There are 3 schools of this strategy:
This report impletmented Stepwise selection as an example.
ctrl_nocv <- trainControl(method = 'none')
friday_step <- train(Purchase ~ .,
data = friday_train,
# stepwise method
method = "lmStepAIC",
# additional argument
direction = "both",
trControl = ctrl_nocv)
summary(friday_step)
##
## Call:
## lm(formula = .outcome ~ Occupation4 + Occupation12 + Occupation13 +
## Occupation20 + City_CategoryC + Product_Category_12 + Product_Category_13 +
## Product_Category_14 + Product_Category_15 + Product_Category_16 +
## Product_Category_18 + Product_Category_110 + Product_Category_111 +
## Product_Category_113 + Product_Category_24 + Product_Category_26 +
## Product_Category_28 + Product_Category_210 + Product_Category_34 +
## Product_Category_36 + Product_Category_39 + Product_Category_311 +
## Product_Category_312 + Product_Category_313 + Product_Category_314 +
## Product_Category_315 + Product_Category_316 + Product_Category_318,
## data = dat)
##
## Residuals:
## Min 1Q Median 3Q Max
## -11904.4 -2026.6 400.3 2330.9 7415.7
##
## Coefficients:
## Estimate Std. Error t value Pr(>|t|)
## (Intercept) 14455.2 175.6 82.330 < 2e-16 ***
## Occupation4 -377.0 199.9 -1.886 0.059360 .

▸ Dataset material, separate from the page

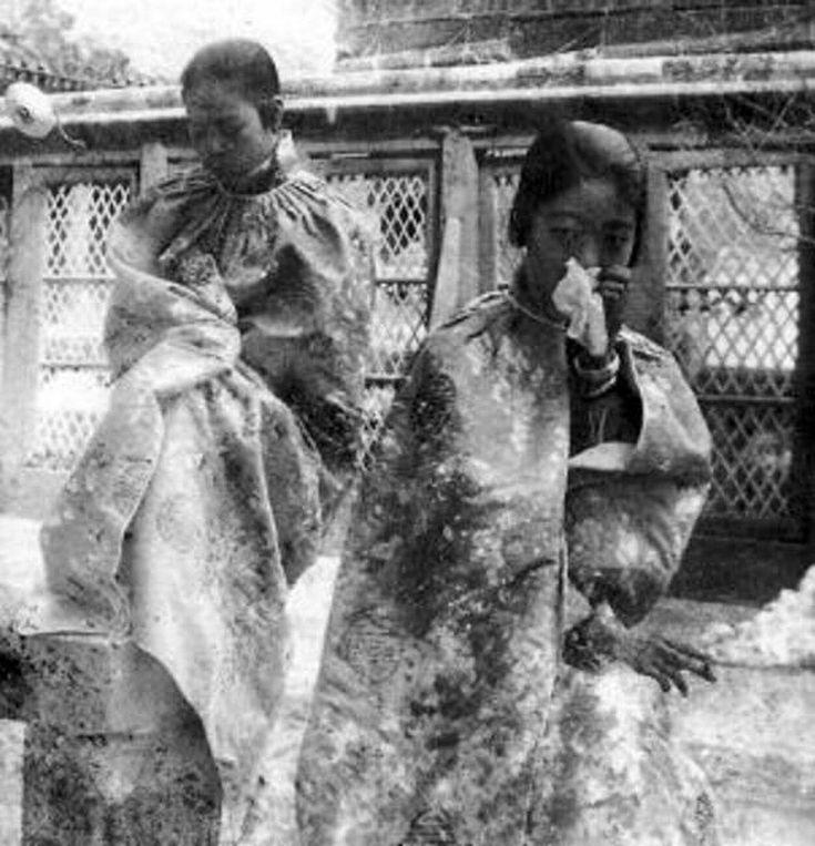 这是一张记录清末民初、逊清皇室后妃日常的老照片,画面中的两位女性正是溥仪的皇后婉容(右侧)与淑妃文绣(左侧),场景应是紫禁城内的院落一角。 左侧的文绣垂首整理着身上略显宽松的旗装,姿态内敛沉静;右侧的婉容则以手帕掩住口鼻,神态带着几分日常的慵懒或轻浅不适,动作松弛得像是宫内院落里普通的片刻休憩。

## Occupation12 853.2 301.8 2.827 0.004732 **
## Occupation13 1303.6 710.6 1.834 0.066708 .
## Occupation20 -414.9 288.4 -1.438 0.150434
## City_CategoryC 695.2 148.3 4.687 2.92e-06 ***
## Product_Category_12 -2260.1 291.9 -7.742 1.39e-14 ***
## Product_Category_13 -2523.6 503.4 -5.013 5.71e-07 ***
## Product_Category_14 -11559.5 437.4 -26.428 < 2e-16 ***
## Product_Category_15 -7853.6 253.7 -30.962 < 2e-16 ***
## Product_Category_16 895.3 414.4 2.161 0.030816 *
## Product_Category_18 -6816.1 311.6 -21.875 < 2e-16 ***
## Product_Category_110 7278.5 773.0 9.416 < 2e-16 ***
## Product_Category_111 -9851.8 637.8 -15.447 < 2e-16 ***
## Product_Category_113 -13477.9 847.0 -15.912 < 2e-16 ***
## Product_Category_24 -1484.0 440.8 -3.367 0.000772 ***
## Product_Category_26 759.0 273.8 2.773 0.005601 **
## Product_Category_28 469.5 231.1 2.032 0.042287 *
## Product_Category_210 4301.8 758.8 5.669 1.59e-08 ***
## Product_Category_34 -2306.0 598.7 -3.851 0.000120 ***
## Product_Category_36 -1557.1 432.4 -3.601 0.000323 ***
## Product_Category_39 -533.9 324.8 -1.644 0.100305
## Product_Category_311 -1927.4 631.5 -3.052 0.002295 **
## Product_Category_312 -717.8 344.2 -2.085 0.037165 *
## Product_Category_313 -2286.6 484.7 -4.718 2.51e-06 ***
## Product_Category_314 -757.1 274.1 -2.762 0.005778 **
## Product_Category_315 -1757.1 222.9 -7.881 4.73e-15 ***
## Product_Category_316 -533.3 224.3 -2.378 0.017496 *
## Product_Category_318 -1296.3 433.8 -2.988 0.002831 **
## ---
## Signif. codes: 0 '***' 0.001 '**' 0.01 '*' 0.05 '.' 0.1 ' ' 1
##
## Residual standard error: 3507 on 2602 degrees of freedom
## Multiple R-squared: 0.5277, Adjusted R-squared: 0.5226
## F-statistic: 103.8 on 28 and 2602 DF, p-value: < 2.2e-16
Predict the test set and compute RMSE
step_train_forecasts <- predict(friday_step, friday_test)
# Compute the prediction error, RMSE
step_RMSE <- RMSE(step_train_forecasts, friday_test$Purchase)
step_RMSE
## [1] 3762.547
Compute Compute R-square
# Compute Compute R-square
step_Rsq <- R2(step_train_forecasts, friday_test$Purchase)
step_Rsq
## [1] 0.472461
result_df <- data.frame(RMSE = c(linear_RMSE, svm_RMSE, ridge_RMSE, lasso_RMSE, step_RMSE),
R_squared = c(linear_Rsq, svm_Rsq, rigde_Rsq, lasso_Rsq, step_Rsq))
row.names(result_df)<- c('Linear Regression','Support Vector Machine Regression',
'Ridge Regression', 'Lasso Regression', 'Stepwise Regression')
result_df
## RMSE R_squared
## Linear Regression 3754.620 0.4745412
## Support Vector Machine Regression 3893.978 0.4565033
## Ridge Regression 3745.580 0.4752714
## Lasso Regression 3752.993 0.4747517
## Stepwise Regression 3762.547 0.4724610
From the 5 models, the Ridge Regression seems to have the lowest RMSE and highest R squared. However, all of R squared above show that the models is not good enough, perhaps, the problem lies on the limited number or the limited types of predictors. Furthermore, original data have huge number observations, as a result, algorithms may perform better if they could train with more data. (Which tends to be problematic with normal consumer pc specs).